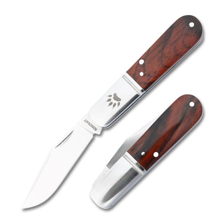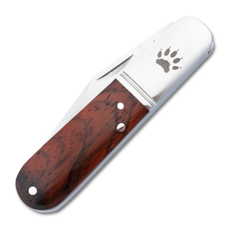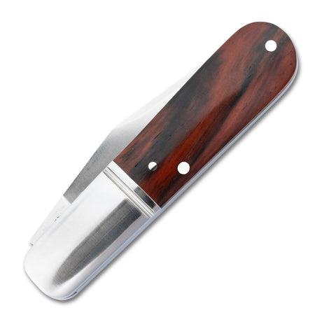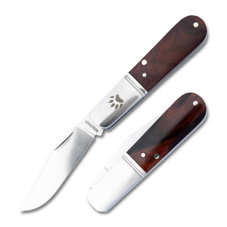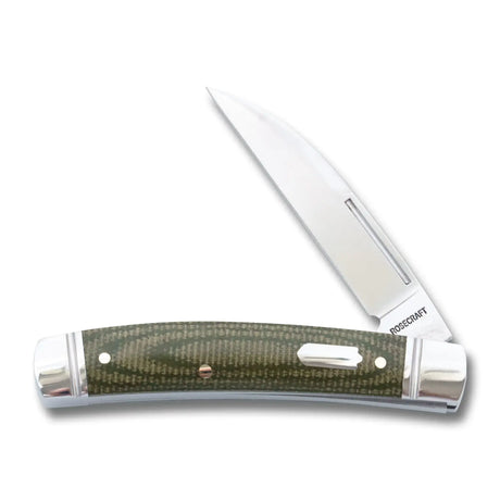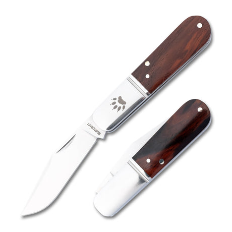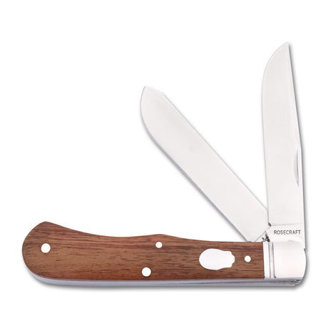 This refined slip joint folder is adorned with brushed steel bolsters, each precisely marked with RoseCraft's signature 'RC' hallmark. The robust steel liners provide additional structural integrity without compromising the knife's elegant 2.9-ounce weight. When closed, the Barlow maintains a pocket-friendly 3.5-inch profile, extending to a comfortable 6.4 inches when opened.
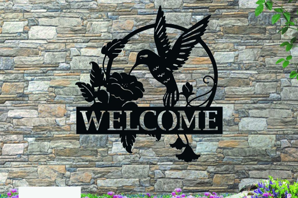 A beautiful Hummingbird welcome sign that you will enjoy for years! This welcome sign is made from 2mm steel and powder coated in black or rustic featuring a hummingbird feeding on a flower. This stylish piece will showcase your love for the garden for generations.
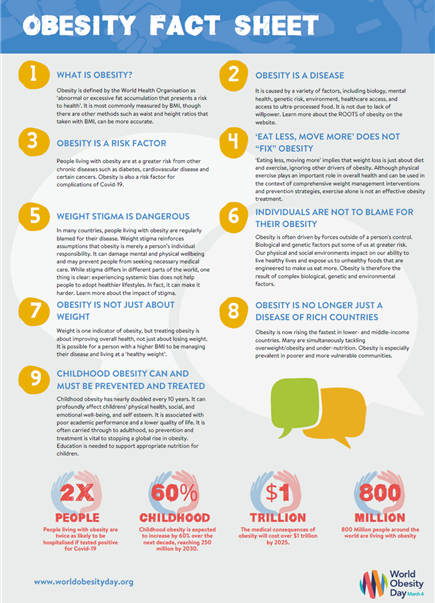세계비만연맹은 ‘세계 비만의 날’을 계기로 비만에 대한 올바른 정보를 제공하고 관점을 전환하는 유일한 방법이 ‘소통’이므로 정책 입안자, 전문가, 일반 대중 간의 대화 등 모든 소통이 중요함을 강조했다.
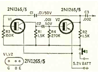 Este multivibrador estable para uso como inyector de señal se publicó en la revista Radio Electronics en marzo de 1962. El circuito funciona con baterías.
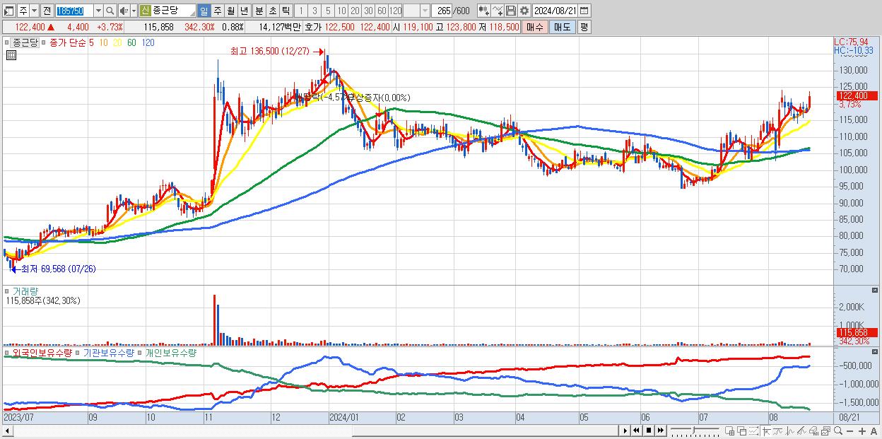 - 종근당 (122,400원 ▲ 3.73% , 시총: 16,125억, 외국인 순매수 거래금:46억)
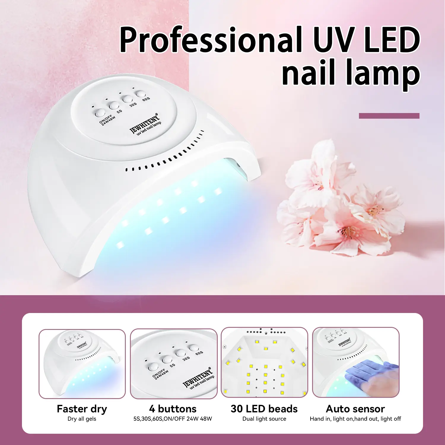 ·High Power Nail Lamp: Ultra-fast drying u v lamp nail gel polish dryer with 4 timer settings 10s/30s/60s/99s low heat. display screen shows the usage time; Auto-sensing function, you only need to put your hand in, the light will automatically glow, release it, the light will automatically go out. High-quality 36 LED lamp beads with optimal beads distribution, easily dries and cures any type of U V/LED gel nail polish.
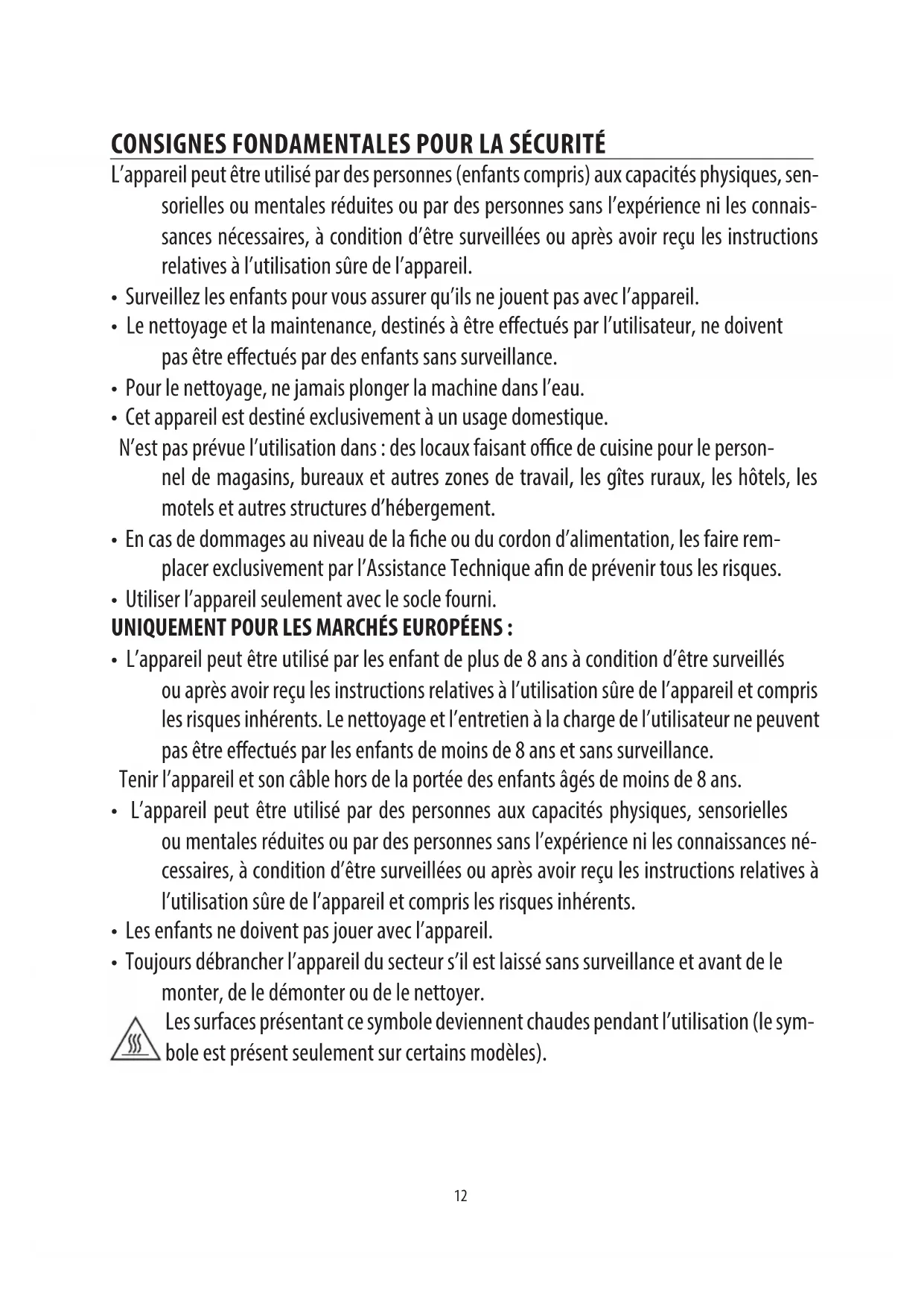 - Pendant l’utilisation ne touchez pas les surfaces chaudes de l’appareil. Utilisez les touches ou les poignées.
◆ ◆ ◆ ◆
WHAT TO DO: Every line in the data above needs to be given again exactly, pictures aside.

EXERCISE RESULT:
 This refined slip joint folder is adorned with brushed steel bolsters, each precisely marked with RoseCraft's signature 'RC' hallmark. The robust steel liners provide additional structural integrity without compromising the knife's elegant 2.9-ounce weight. When closed, the Barlow maintains a pocket-friendly 3.5-inch profile, extending to a comfortable 6.4 inches when opened.
 A beautiful Hummingbird welcome sign that you will enjoy for years! This welcome sign is made from 2mm steel and powder coated in black or rustic featuring a hummingbird feeding on a flower. This stylish piece will showcase your love for the garden for generations.
세계비만연맹은 ‘세계 비만의 날’을 계기로 비만에 대한 올바른 정보를 제공하고 관점을 전환하는 유일한 방법이 ‘소통’이므로 정책 입안자, 전문가, 일반 대중 간의 대화 등 모든 소통이 중요함을 강조했다.
 Este multivibrador estable para uso como inyector de señal se publicó en la revista Radio Electronics en marzo de 1962. El circuito funciona con baterías.
 - 종근당 (122,400원 ▲ 3.73% , 시총: 16,125억, 외국인 순매수 거래금:46억)
 ·High Power Nail Lamp: Ultra-fast drying u v lamp nail gel polish dryer with 4 timer settings 10s/30s/60s/99s low heat. display screen shows the usage time; Auto-sensing function, you only need to put your hand in, the light will automatically glow, release it, the light will automatically go out. High-quality 36 LED lamp beads with optimal beads distribution, easily dries and cures any type of U V/LED gel nail polish.
 - Pendant l’utilisation ne touchez pas les surfaces chaudes de l’appareil. Utilisez les touches ou les poignées.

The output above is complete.